## The task
Please restate the data that follows word for word, with the pictures left out.

Records supplied: Begin

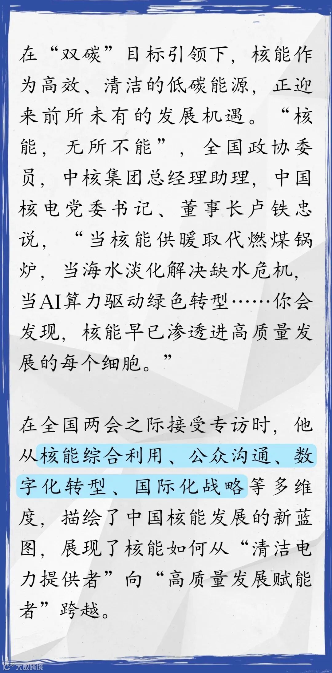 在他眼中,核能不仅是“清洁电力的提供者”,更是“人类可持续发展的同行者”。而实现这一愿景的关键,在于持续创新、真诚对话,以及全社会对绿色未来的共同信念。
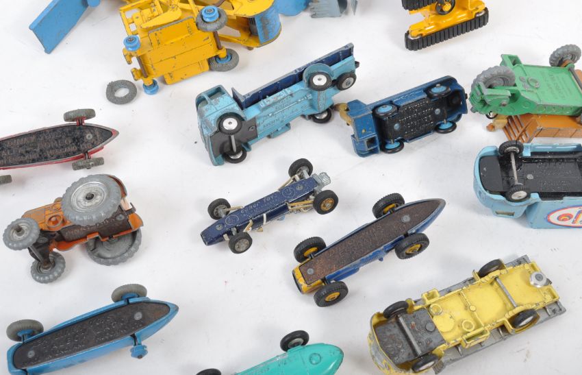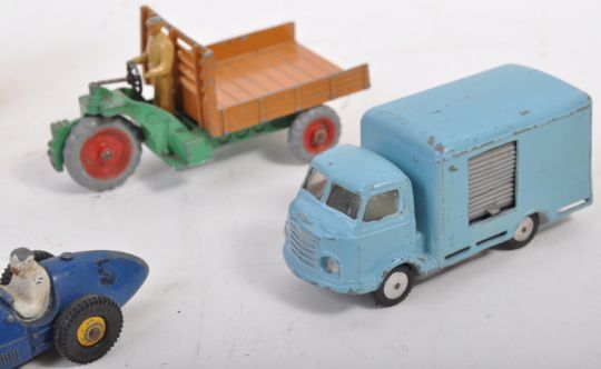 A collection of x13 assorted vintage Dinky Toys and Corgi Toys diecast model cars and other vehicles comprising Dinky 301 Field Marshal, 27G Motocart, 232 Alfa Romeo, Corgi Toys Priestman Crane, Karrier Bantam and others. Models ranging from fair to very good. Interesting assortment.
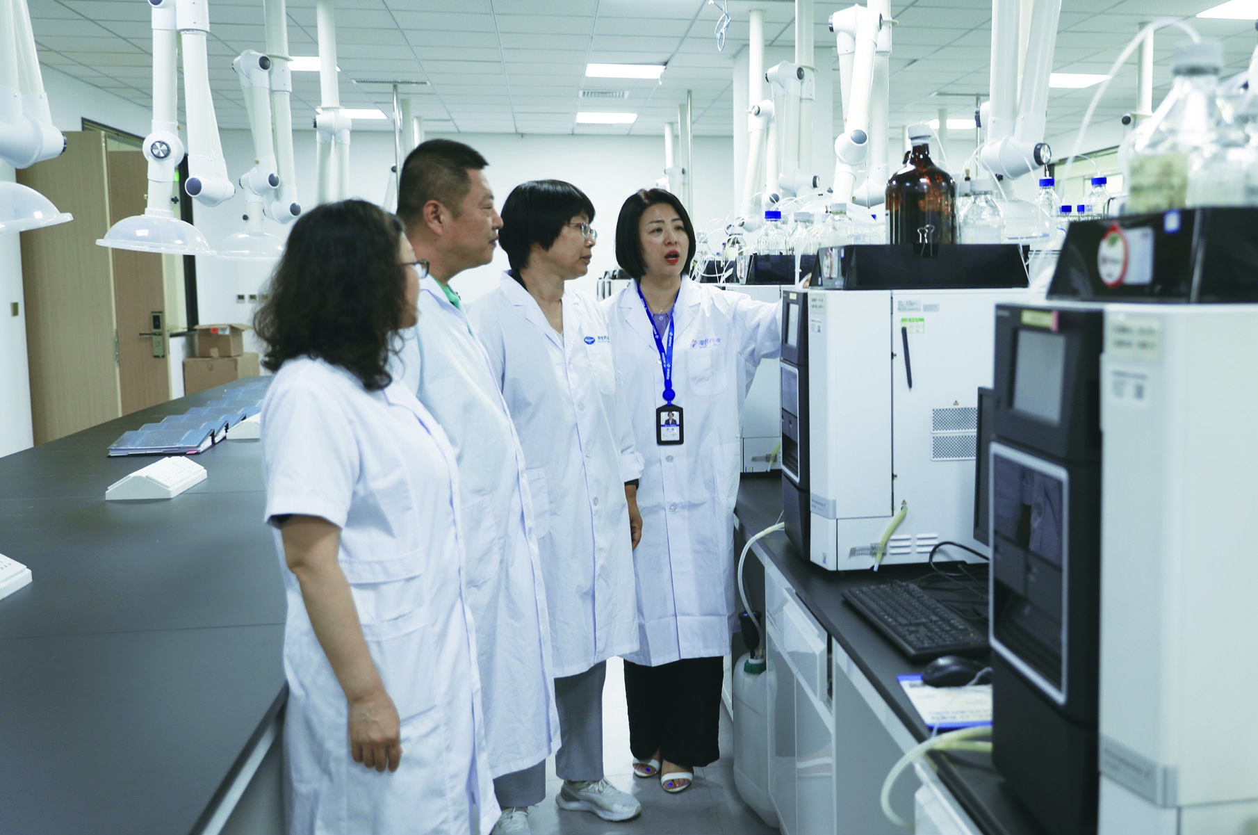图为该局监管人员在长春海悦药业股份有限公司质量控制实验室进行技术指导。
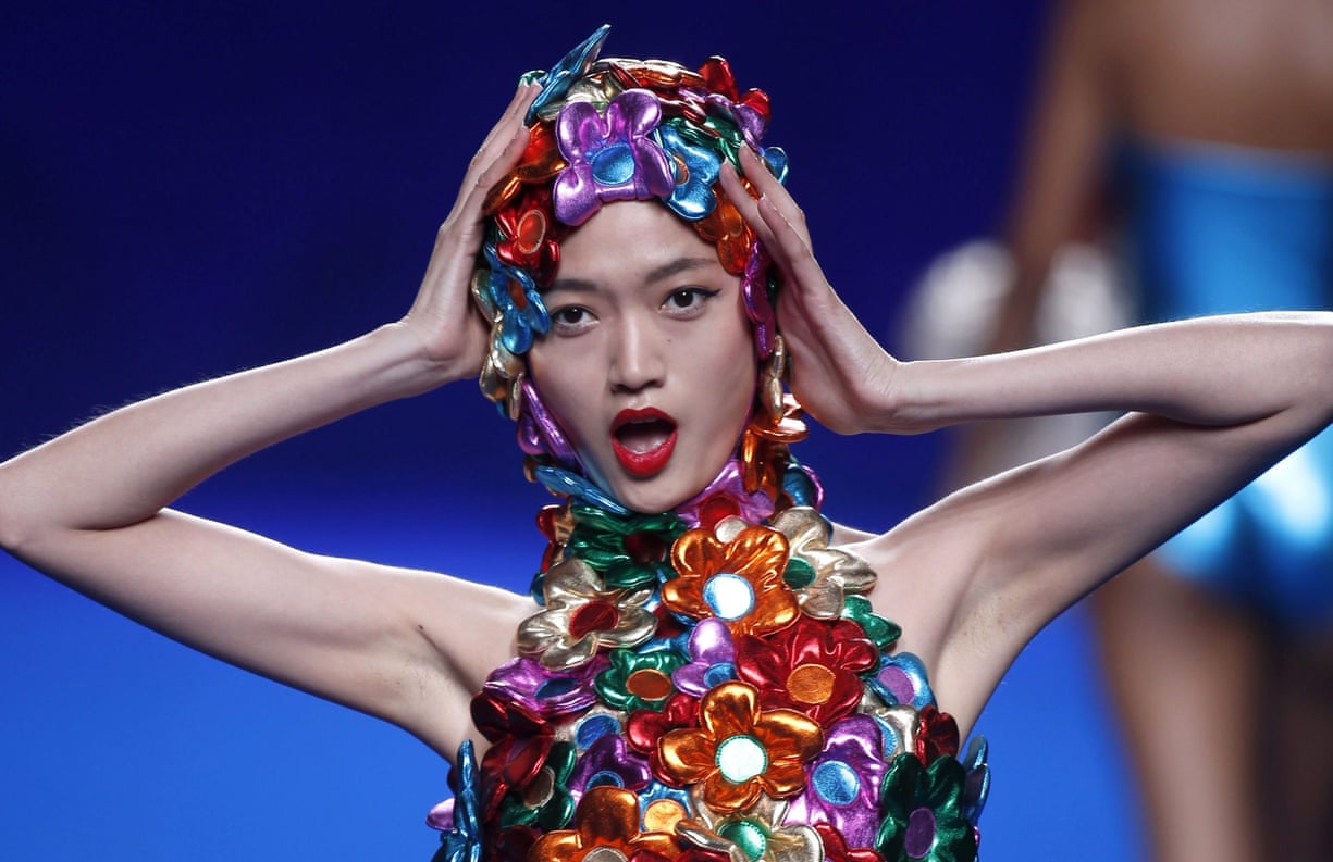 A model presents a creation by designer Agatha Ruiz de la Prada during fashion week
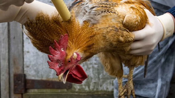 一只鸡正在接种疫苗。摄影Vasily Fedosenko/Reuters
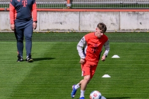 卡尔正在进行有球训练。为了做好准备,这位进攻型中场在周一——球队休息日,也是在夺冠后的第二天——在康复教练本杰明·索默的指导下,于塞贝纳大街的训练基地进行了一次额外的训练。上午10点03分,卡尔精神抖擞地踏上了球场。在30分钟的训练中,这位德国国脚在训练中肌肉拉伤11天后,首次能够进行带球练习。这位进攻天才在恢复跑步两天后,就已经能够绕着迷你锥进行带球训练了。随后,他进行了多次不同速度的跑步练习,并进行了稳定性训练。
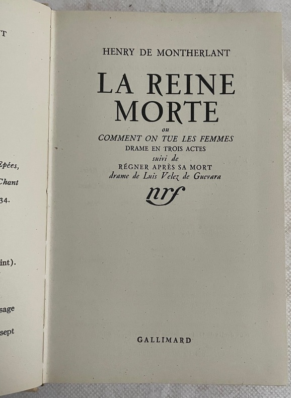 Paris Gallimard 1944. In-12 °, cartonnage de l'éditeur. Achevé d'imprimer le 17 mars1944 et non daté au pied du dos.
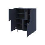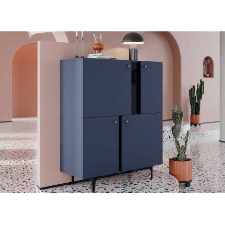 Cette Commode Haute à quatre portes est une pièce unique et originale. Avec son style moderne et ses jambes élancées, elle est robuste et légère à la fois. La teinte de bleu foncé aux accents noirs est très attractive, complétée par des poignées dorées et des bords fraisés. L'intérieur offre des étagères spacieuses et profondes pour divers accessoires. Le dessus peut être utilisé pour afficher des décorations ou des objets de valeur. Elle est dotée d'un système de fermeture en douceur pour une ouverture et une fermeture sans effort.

Records supplied: End

## Exercise response
 在他眼中,核能不仅是“清洁电力的提供者”,更是“人类可持续发展的同行者”。而实现这一愿景的关键,在于持续创新、真诚对话,以及全社会对绿色未来的共同信念。
 A collection of x13 assorted vintage Dinky Toys and Corgi Toys diecast model cars and other vehicles comprising Dinky 301 Field Marshal, 27G Motocart, 232 Alfa Romeo, Corgi Toys Priestman Crane, Karrier Bantam and others. Models ranging from fair to very good. Interesting assortment.
图为该局监管人员在长春海悦药业股份有限公司质量控制实验室进行技术指导。
 A model presents a creation by designer Agatha Ruiz de la Prada during fashion week
 一只鸡正在接种疫苗。摄影Vasily Fedosenko/Reuters
 卡尔正在进行有球训练。为了做好准备,这位进攻型中场在周一——球队休息日,也是在夺冠后的第二天——在康复教练本杰明·索默的指导下,于塞贝纳大街的训练基地进行了一次额外的训练。上午10点03分,卡尔精神抖擞地踏上了球场。在30分钟的训练中,这位德国国脚在训练中肌肉拉伤11天后,首次能够进行带球练习。这位进攻天才在恢复跑步两天后,就已经能够绕着迷你锥进行带球训练了。随后,他进行了多次不同速度的跑步练习,并进行了稳定性训练。
 Paris Gallimard 1944. In-12 °, cartonnage de l'éditeur. Achevé d'imprimer le 17 mars1944 et non daté au pied du dos.
 Cette Commode Haute à quatre portes est une pièce unique et originale. Avec son style moderne et ses jambes élancées, elle est robuste et légère à la fois. La teinte de bleu foncé aux accents noirs est très attractive, complétée par des poignées dorées et des bords fraisés. L'intérieur offre des étagères spacieuses et profondes pour divers accessoires. Le dessus peut être utilisé pour afficher des décorations ou des objets de valeur. Elle est dotée d'un système de fermeture en douceur pour une ouverture et une fermeture sans effort.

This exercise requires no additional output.